- Also known as: Fifteen And
- Origin: Seoul, South Korea
- Genres: K-pop; R&B; soul;
- Years active: 2012–2015
- Label: JYP
- Past members: Baek Ye-rin; Park Ji-min;
- Website: 15and.jype.com

= 15& =

South Korean vocal duo

15& (피프틴앤드, also known as Fifteen And) was a South Korean duo formed by JYP Entertainment in 2012. The duo consisted of Park Ji-min and Baek Ye-rin. The name refers to fifteen being their age at debut, with the ampersand meaning they can continue to have success into the future. They released their debut single "I Dream" on October 5, 2012. Following a four-year hiatus which began in February 2015, the group de facto disbanded upon the expiration of both members' contracts with JYP Entertainment in 2019.

== History ==

=== Formation ===
In 2012, Park Ji-min was the first-place winner of the first season of the South Korean reality TV competition K-pop Star. With the opportunity of signing with three major record labels (YG Entertainment, SM Entertainment and JYP Entertainment), she had chosen to sign with JYP Entertainment on May 21.

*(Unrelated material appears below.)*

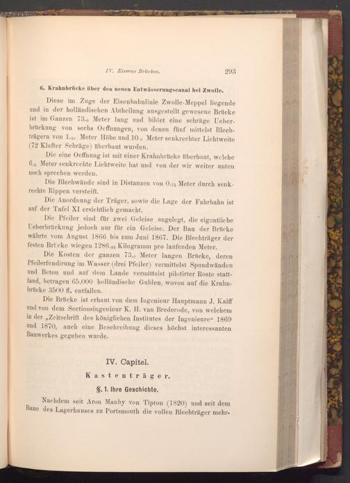 Die Brücke ist erbaut von dem Ingenieur Hauptmann J. Kalff und von dem Sectionsingenieur K. H. van Brederode, von welchem in der„ Zeitschrift des königlichen Institutes der Ingenieure" 1869 und 1870, auch eine Beschreibung dieses höchst interessanten Bauwerkes gegeben wurde.

When Baek Ye-rin was ten years old, she was introduced as an "R&B genius" on Star King. In 2008, she auditioned with Beyoncé's "Listen" and was accepted as a trainee at the same time as 2PM's Wooyoung and Highlight's Doo-joon. Baek had been a JYP trainee for five years before she officially debuted with Park.

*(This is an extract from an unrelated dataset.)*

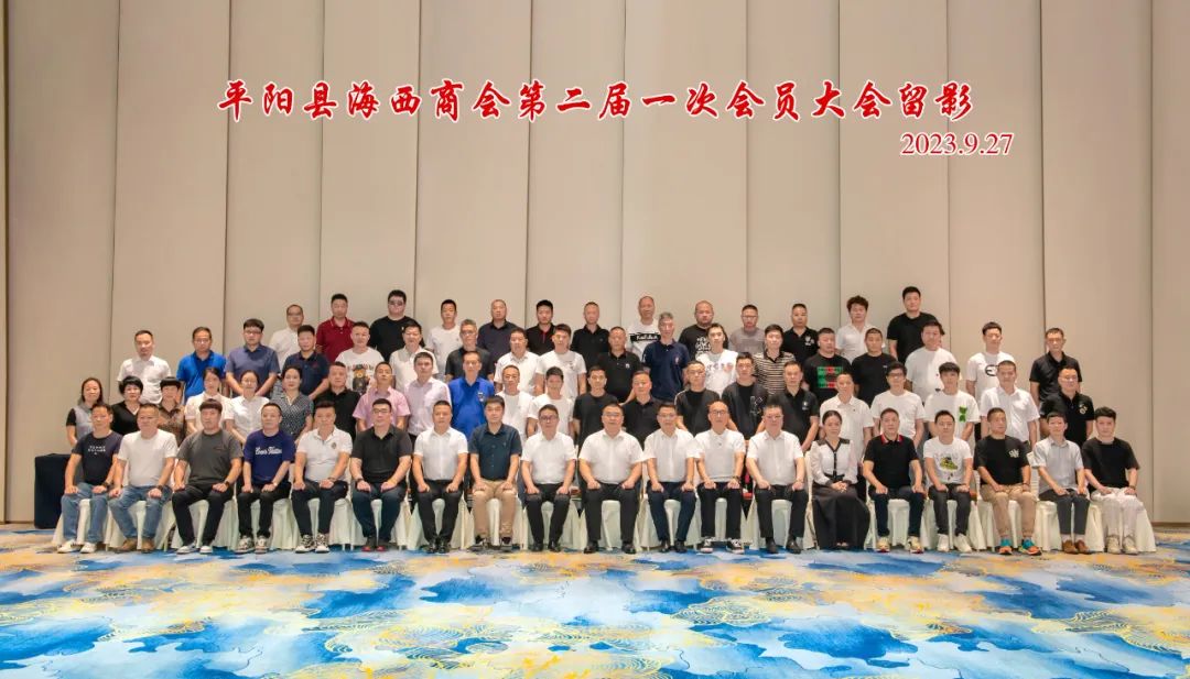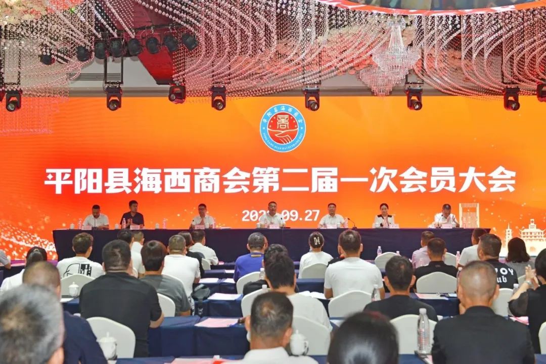 9月27日,海西商会举行第二届一次会员大会,百余名海西商会会员代表共聚一堂,共谋发展。平阳县委常委、统战部部长周炜,县委统战部副部长、县工商联党组书记王家起,县工商联秘书长丁志峰,海西镇党委书记章志刚、党委委员黄静、唐瑞行等领导出席并指导换届工作。

=== 2012–2013: Debut with I Dream and Somebody ===
15&'s debut single I Dream was released on October 5, 2012. The duo's debut officially began on October 7, 2012, performing on SBS's Inkigayo. On October 12, 2012, 15& held their 'school attack' guerrilla concerts. The girls performed at the Chungdam Middle School, Eonnam Middle School, Sungil Information High School and Dankook University. Supported by KT Corporation's Genie Music, the concert attracted both students and local residents' attendance.

15&'s second single Somebody was released on April 7, 2013. The music video showed the two parodying the "K-Pop Star" judge panel while reacting to staged auditions/cameos by Park Jin-young and some of Park Ji-min's fellow contestants from K-pop Star 1. On April 7, 2013, 15& made their comeback performance on K-pop Star 2 finale with "Somebody". Upon its release on the same day, the song rose to the summit of music charts on Olleh, Melon, Daum and others.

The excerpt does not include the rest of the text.